Unknown nation mentioned in the Bible

The land of Sin (סִין) or Sinim (from: סִינִים, i.e. the inhabitants of the land of Sin, or the people of Sin) is a biblical hapax legomenon that appears in Isaiah 49:12: "Behold, these shall come from far: and, lo, these from the north and from the west; and these from the land of Sinim." The Greek Septuagint instead says, "from the land of the Persians."

Some English versions simply transliterate the word, others translate the Hebrew as Syene (Aswan), and still others associate Sin with China. Sinim resembles Sinae, the Latinization of Qin, after the Qin state, founded in 778 BC, and the Qin dynasty, founded in 221 BC by Qin Shi Huang-Di.

Young's Analytical Concordance to the Bible (1879) defines the word as "a people in the far east; the Chinese?" The International Standard Bible Encyclopedia (1915) says, "The land is clearly far off, and it must be sought either in the South or in the East. Many scholars have favored identification with China, the classical Sinae. It seems improbable that Jews had already found their way to China; but from very early times trade relations were established with the Far East by way of Arabia and the Persian Gulf; and the name may have been used by the prophet simply as suggesting extreme remoteness....While no certain decision is possible, probability points to the East, and China cannot be quite ruled out." Modern translations of the Bible tend to translate Sinim as Syene (ancient Aswan) because the Great Isaiah Scroll of the Dead Sea Scrolls uses that word.

In the Vulgate, Jerome of Stridon translated “Sinim” as "Terra Australis" into Latin. Also, Sinim may be derived from the old Hebrew words "Sinah" or "Sneh", meaning a hostile bush. This lends credence to the purely speculative thesis that Sinim – according to Isaiah 49 – refers to a land of bushes located at the ends of the Earth, i.e. Australia, although Jews and Europeans had no knowledge of it at the time. This thesis was notably put forward by Herbert Armstrong to justify British Israelism.
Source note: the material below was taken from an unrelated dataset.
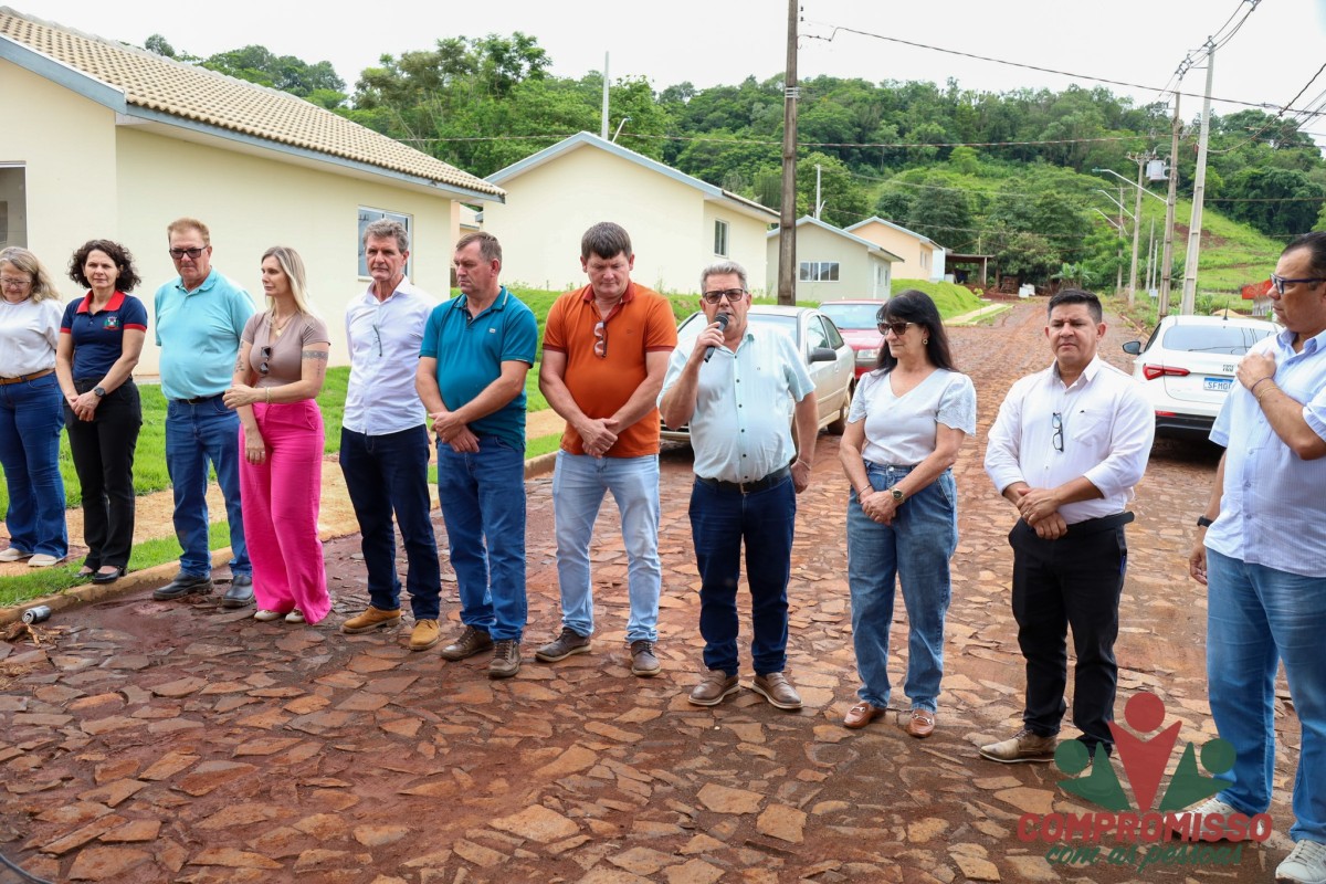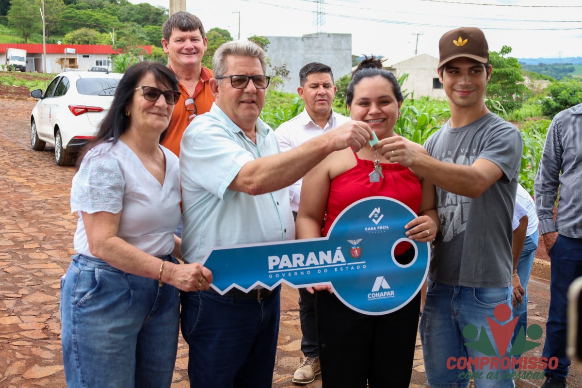 O Coordenador Regional da Cohapar, Gerson Paranhos esteve na entrega das chaves. Ele falou em nome do Presidente da Cohapar, Jorge Lange e do Governador Ratinho Jr. Falou da importância da parceria entre município e Estado do Paraná e o papel fundamental dos gestores para efetivação do Conjunto Habitacional.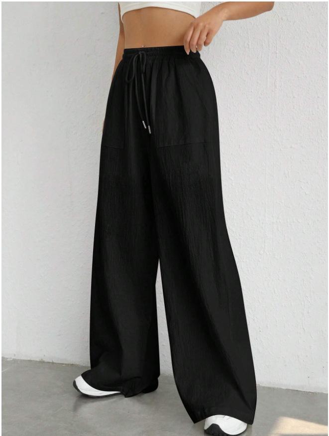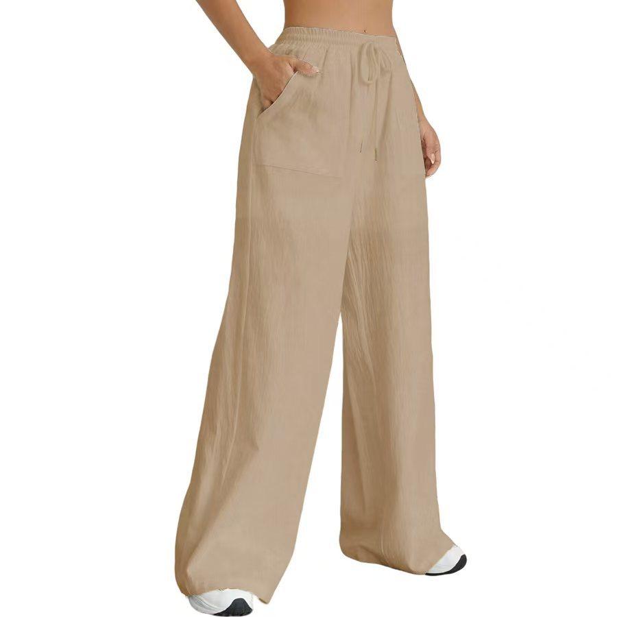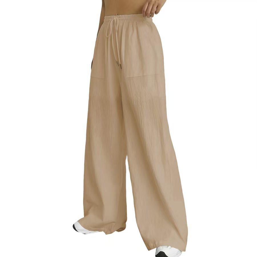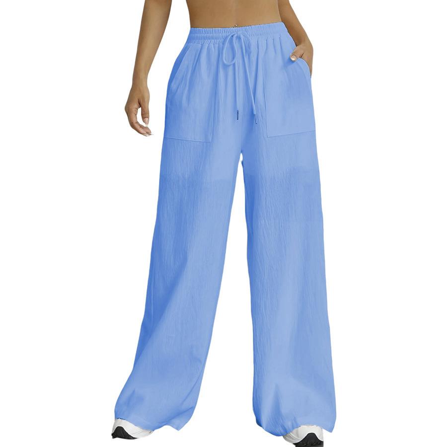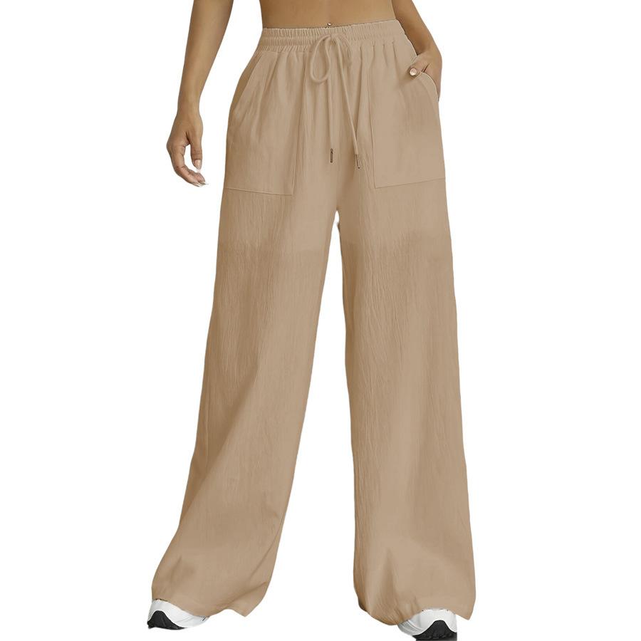 2025 Amazon Comercio Exterior Transfronterizo Europeo y Americano Nuevo para Mujer Casual Color Sólido Cordón Pierna Recta Acampanada Bolsillo Pantalones Casuales

| Bible Version | Translation |
|---|---|
| American Standard Version; Amplified Bible; Amplified Bible, Classic Edition; Christian Standard Bible; Common English Bible; Contemporary English Version; Douay-Rheims 1899; English Standard Version; Geneva Bible 1599; Good News Translation; International Standard Version; King James Version; Living Bible; The Message; New American Standard Bible; New Century Version; New International Version; New King James Version; New Living Translation; Revised Standard Version; | Sinim; Aswan (southern Egypt); Sinim (China); Sinim [perhaps modern Aswan]; Southland; city of Syene; South country; land of Syene; Sinim [meaning South country]; Aswan in the south; China; Sinim; south; all the way down the Nile; Sinim; Aswan in Southern Egypt; region of Aswan; Sinim; as far south as Egypt; land of Syene; |

==In Latter-day Saint theology==
In language nearly identical to that of the King James Version, First Nephi 21:12 in the Book of Mormon reads: “And then, O house of Israel, behold, these shall come from far; and lo, these from the north and from the west; and these from the land of Sinim.” The index of this scripture of the Church of Jesus Christ of Latter-day Saints defines Sinim as “possibly [the] land of China”.